Mit der Gesetzesänderung soll sichergestellt werden, dass die Energiepreispauschale den Empfängern tatsächlich
zur Verfügung steht und nicht von Gläubigern gepfändet werden kann. Dadurch können die Empfänger die Energiepreispauschale einsetzen, um Zahlungen zu leisten, die durch gestiegene Energiekosten verursacht wurden.
Wegen des Verweises in § 36 der Insolvenzordnung unterliegt die Energiepreispauschale auch nicht dem Insolvenzbeschlag.
Über die Zahlung der Energiepreispauschale kann nach den § 902 Satz 1 Nummer 6 und § 903 der Zivilprozessordnung zum Zweck der Vorlage bei einem Kreditinstitut eine Bescheinigung erteilt werden.

Das Gesetz soll nach Artikel 43 am Tag nach der Verkündung in Kraft treten. Die spannenden Fragen: was ist bis dahin und mit einer eventuellen Rückwirkung (oder aus heutiger Sicht: Vorwirkung) ?

BGH: Mindestelterngeld ist nicht den eigenen Einkünften des Unterhaltsberechtigten im Sinne von § 850c Abs. 6 ZPO zuzurechnen

Der BGH hat am 23.02.2022 unter dem Aktenzeichen: VII ZB 41/21 entscheiden – Leitsatz:

Das Mindestelterngeld nach § 2 Abs. 4 Satz 1 BEEG ist aufgrund seiner besonderen Zweckbindung nicht den eigenen Einkünften des Unterhaltsberechtigten im Sinne von § 850c Abs. 6 ZPO zuzurechnen.

Aus der Entscheidung:

Rn 22: Das Mindestelterngeld nach § 2 Abs. 4 Satz 1 BEEG ist aufgrund seiner besonderen Zweckbindung nicht den eigenen Einkünften des Unterhaltsberechtigten im Sinne von § 850c Abs. 6 ZPO zuzurechnen.

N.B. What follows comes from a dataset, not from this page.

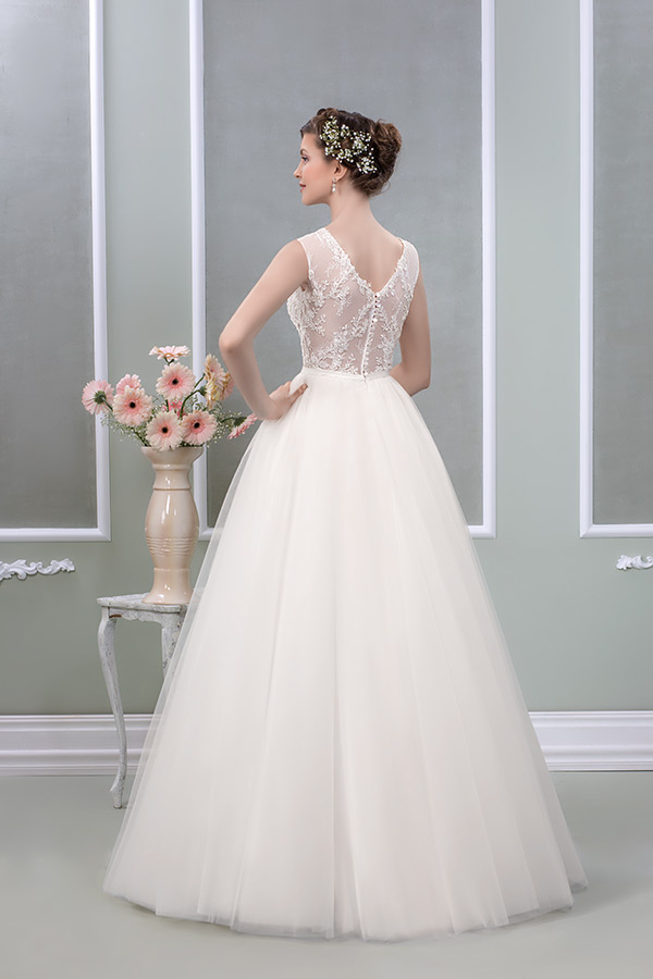 Rochia de mireasa Victoria este o rochie tip printesa cu top transparent realizat din dantela pretioasa aplicata manual pe tulle si care se incheie la spate cu nasturi. Materiale folosite: dantela, tulle, tafta; captuseala: bumbac si poliester. Nuante disponibile: alb si ivoire.
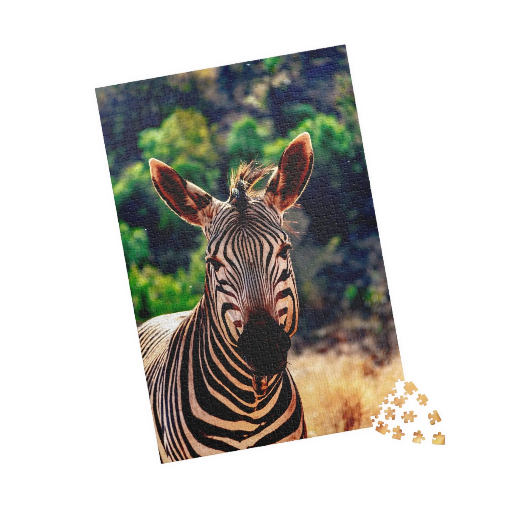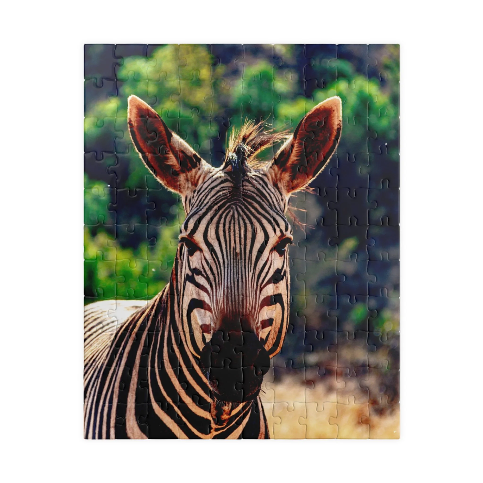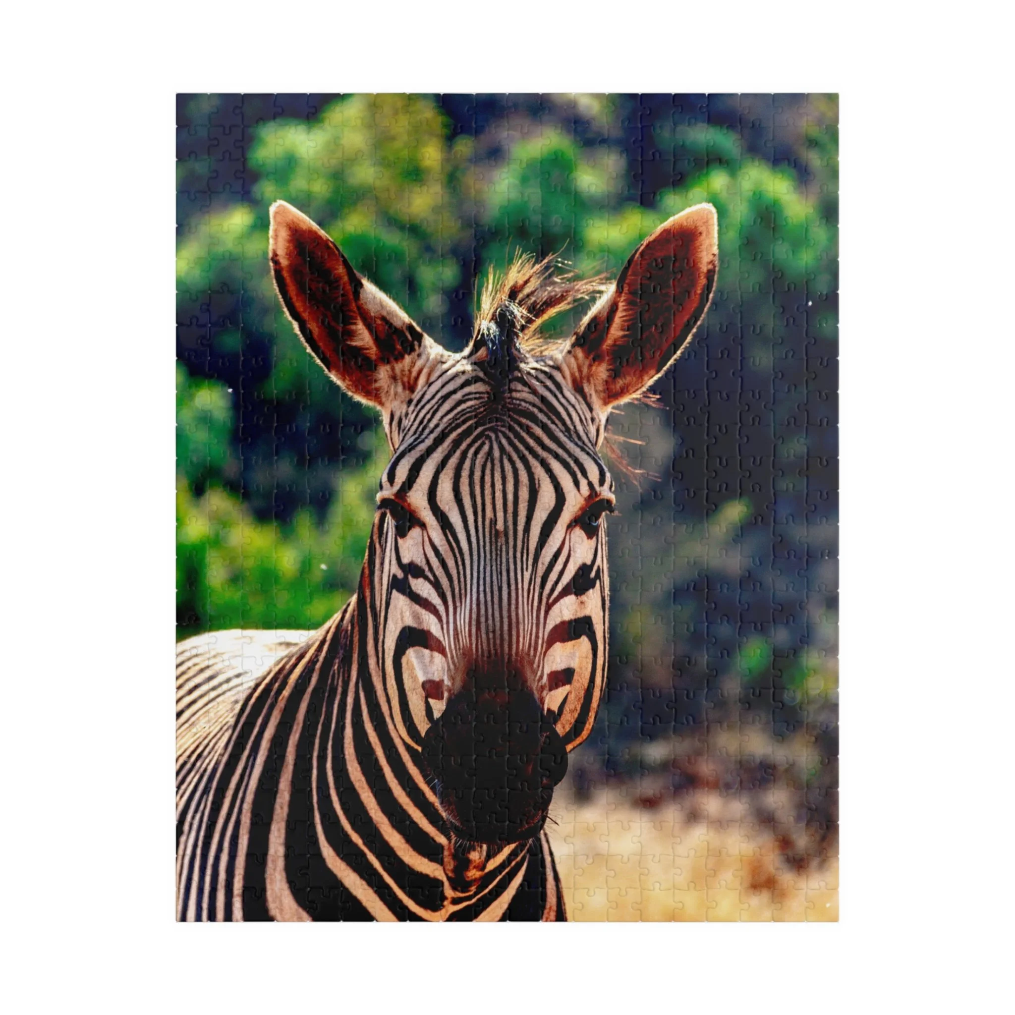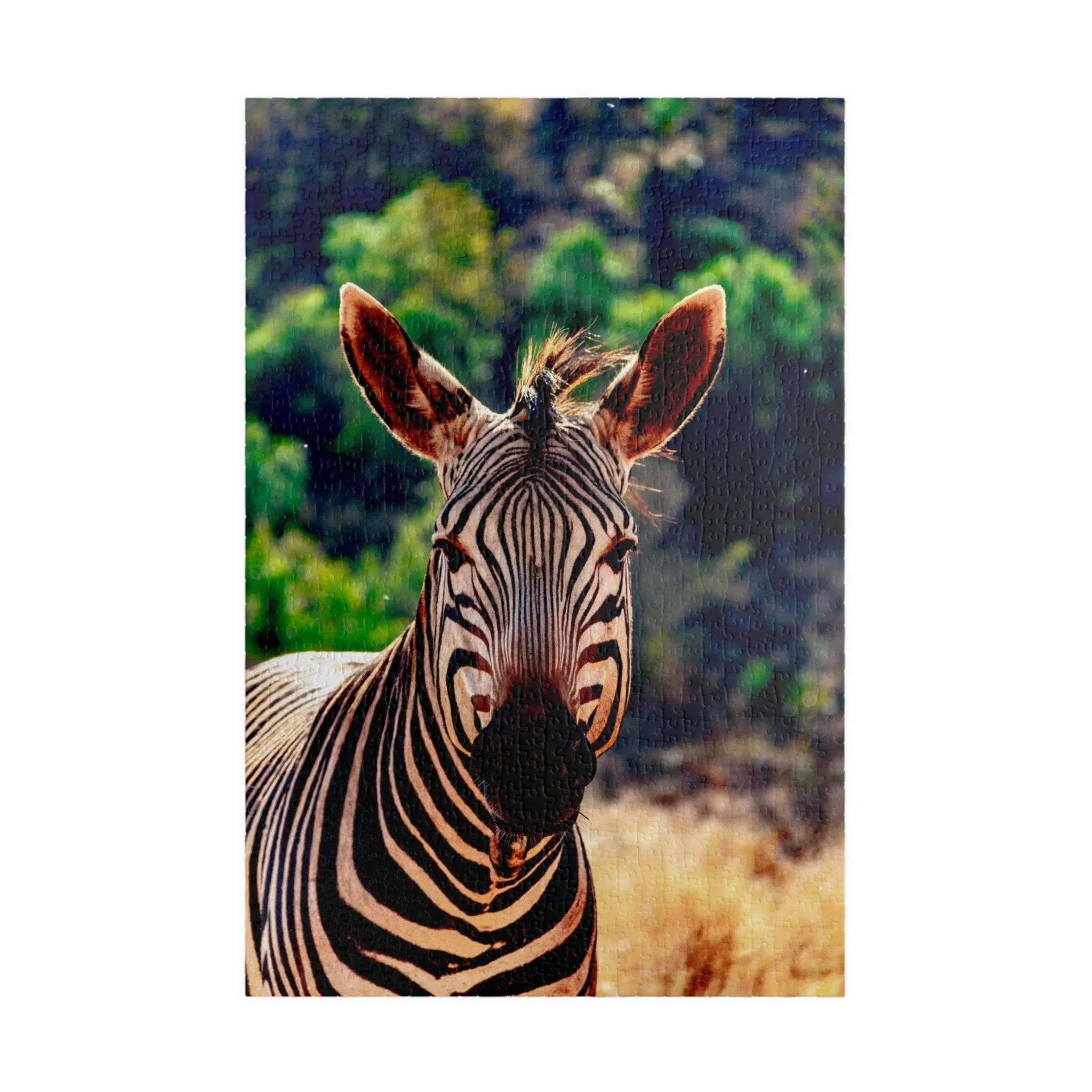 This close-up portrait of a zebra captures the striking geometry of its black and white stripes in crisp detail, while the surrounding landscape fades softly into the background. The shallow depth of field draws attention to the animal’s expression and texture, creating an intimate and powerful connection with one of Africa’s most recognizable wildlife icons.

Rn 24: Der Vollstreckungsgläubiger kann nicht verlangen, gegenüber der unterhaltsberechtigten Person besser als gegenüber dem Schuldner gestellt zu werden. Da das Mindestelterngeld, würde es der Schuldner beziehen, gemäß § 54 Abs. 3 Nr. 1 SGB I unpfändbar wäre, kann es auch nicht zu den berücksichtigungsfähigen Einkünften des Unterhaltsberechtigten gezählt werden (vgl. Ahrens, NZI 2009, 423, 424)

Die Entscheidung, ob eine von dem Gläubiger begehrte Auskunft zur Geltendmachung der Forderung gegenüber dem Drittschuldner nötig ist, obliegt nach dem Gesetz dem Gerichtsvollzieher

Hier der Hinweis auf BGH, Beschluss vom 7. September 2022 – VII ZB 38/21. Der Leitsatz lautet:

Ein Antrag des Gläubigers an das Vollstreckungsgericht auf Konkretisierung der von dem Schuldner nach § 836 Abs. 3 Satz 1 ZPO zu erteilenden Auskunft in dem (Pfändungs- und) Überweisungsbeschluss oder einem diesen ergänzenden Beschluss ist unzulässig.

Der Titel dieser Meldung steht in Randnummer 9 der Entscheidung.